World number one Djokovic now has three Wimbledon titles, the same as his coach Boris Becker, and moves above the likes of Andre Agassi, Jimmy Connors, Ivan Lendl and Ken Rosewall in the all-time list of grand slam collectors.

At 28, he already has nine majors to his name and, despite the life-changing journey into married life and fatherhood, his hunger for battle remains as voracious as ever.

Nearly six years older, Federer had hoped to become the oldest man to win the Wimbledon title in the professional era.

But, after saving seven set points and coming through a pulsating second-set tiebreak that will go down as one of the tournament’s classics, his well of inspiration ran dry.

He will come again, that much is guaranteed, but his chances of winning a record-extending 18th grand slam title are receding.

“You know, I still think I had a great tournament,” Federer told reporters. “You can have good tournaments without winning, as well. I still won six matches, lost one. The ratio still remains very good.

“But of course you sort of walk away empty handed. For me a finalist trophy is not the same. Everybody knows that.”


Second seed Federer made the first move on Sunday, breaking for a 4-2 lead, only for Djokovic to hit back immediately.

Djokovic escaped at 5-6 when Federer held two set points and then ran away with the tiebreak, winning it 7-1 as Federer’s timing, so sweet against third seed Murray, went off a fraction.

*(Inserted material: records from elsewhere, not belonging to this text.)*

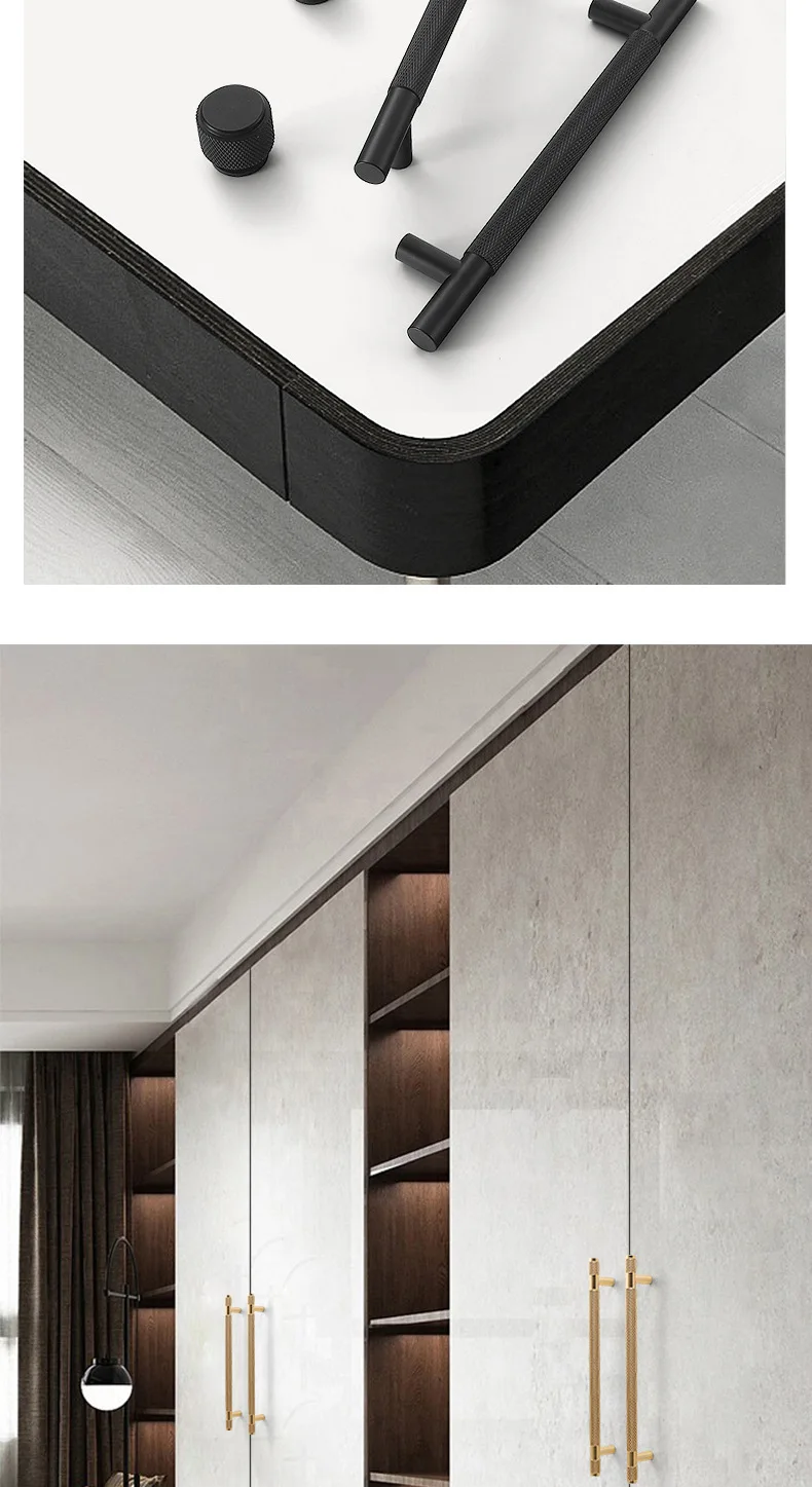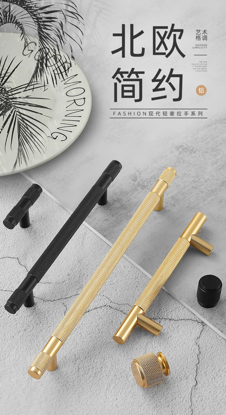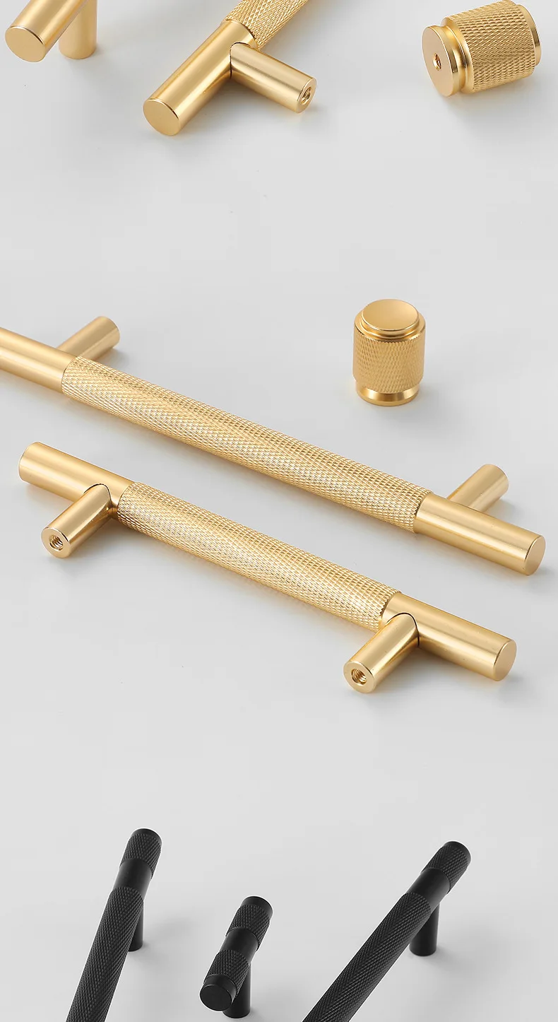 Black Gold Knurled ตู้ครัวตู้เก็บตู้จับตู้เสื้อผ้า T บาร์ตู้เสื้อผ้าประตูดึงลูกบิดประตูบ้านเฟอร์นิเจอร์ Handles
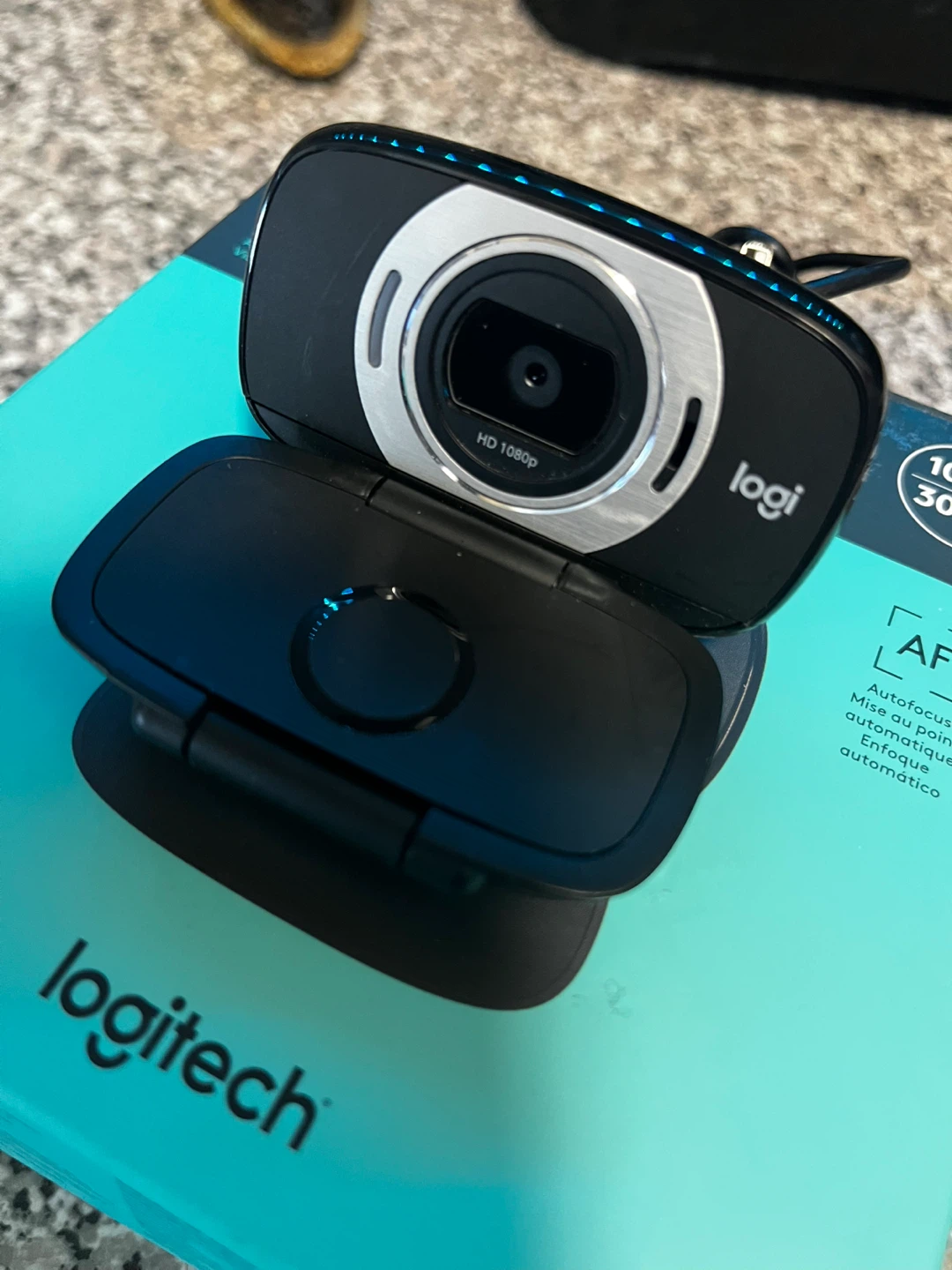 Logitech C615 portable webcam. It's HD 1080p with autofocus. Supports 30 fps video.
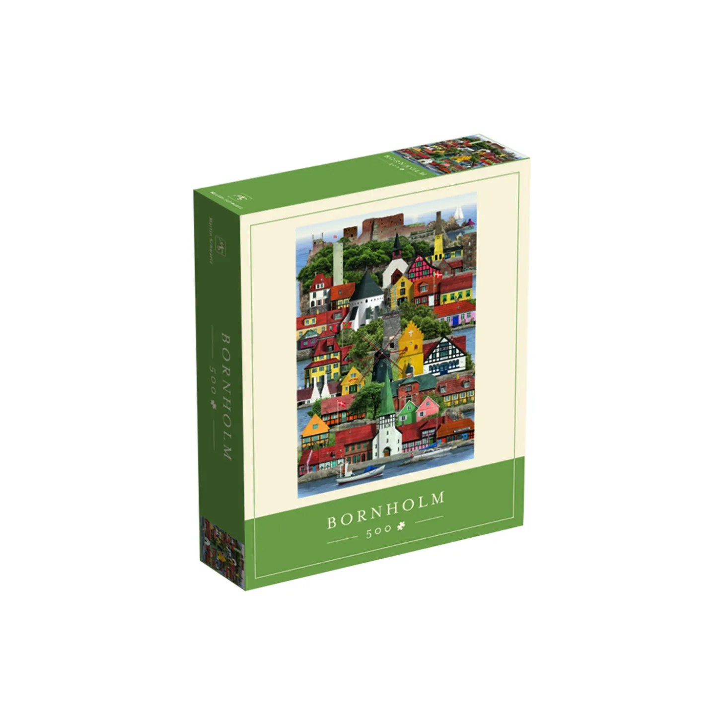 Bornholm puslespil trykt på pap fra Martin Schwartz. Farve: multifarvet. Mål: 33×47 cm. Antal: 500 brikker.
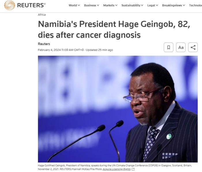 路透社称,纳米比亚共和国总统社交媒体账号并未解释该国总统去世的原因,但哈格·根哥布上月底曾表示,自己被诊断出患有癌症,将前往美国治疗。
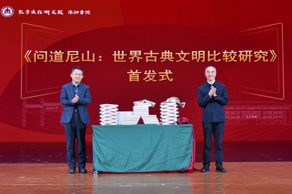 半岛在线体育网党委常委、副校长李兆祥与省文旅厅公共服务处处长冯庆东为《问道尼山:世界古典文明比较研究》首发式揭幕。
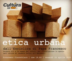 Venerdì 24 aprile alle ore 19.00, sarà ospite di Cultura in divano l’architetto Francesco Finocchiaro per discutere di Eticità e città e per questo dichiara: “Siamo chiamati a fare scelte per rigenerare la città. Ma quali valori devono guidare tali decisioni? Liberismo, centralismo, attenzione verso gli anziani? Serve una piattaforma etica per guidare la pianificazione strategica. Serve una mappa di valori, per riconfigurare lo spazio, nell’ottica di rendere felici gli abitanti. Cercheremo quindi di individuare modelli e traiettorie possibili, a partire dall’Enciclica di Papa Francesco, Laudato Sii. L’urbanistica non è solo uno strumento “tecnico” ma un modo di abitare il pianeta e tutti siamo chiamati a costruire convergenze politiche, economiche, sociali, culturali e tecnologiche. Il centro storico, le periferie, le aree produttive, la campagna e la natura; tutto connesso attraverso le reti fisiche e immaginifiche e dentro questa Pangea ideale, si colloca la storia, la memoria e l’identità collettiva che indirizza il nostro cammino.”

Sympathetic “aahhs” greeted Federer’s mistakes and he looked in trouble at 4-5 in the second set when Djokovic earned a set point only to waft a loose forehand over the baseline.

The real drama was to come.

The final’s second tiebreak was in Djokovic’s pocket at 6-3 but Federer summoned some magic, winning a hypnotic 26-stroke rally on the way back to 6-6.

With the crowd on the edge of their seats Federer saved three more set points, one when Djokovic slipped over, and then failed to take one of his own before reeling off three points in a row to win it 12-10.

“It was frustrating obviously not to be able to close it out,” said Djokovic, who took his anger out by smashing his racket into his shoes.

“I knew that I could not let this happen against Roger in the finals of Wimbledon because it might be my last chance.”

Instead of fretting over missed opportunities, Djokovic simply got back to business and earned a break point at 1-1 by displaying his freakish court-covering ability before delivering the coup de grace with a deft drop shot.

Federer then blazed a forehand long and the momentum switched back to Djokovic.

A weather interruption dampened Federer’s fire still further and once they returned to the court Djokovic eased through the third set before breaking twice in the fourth.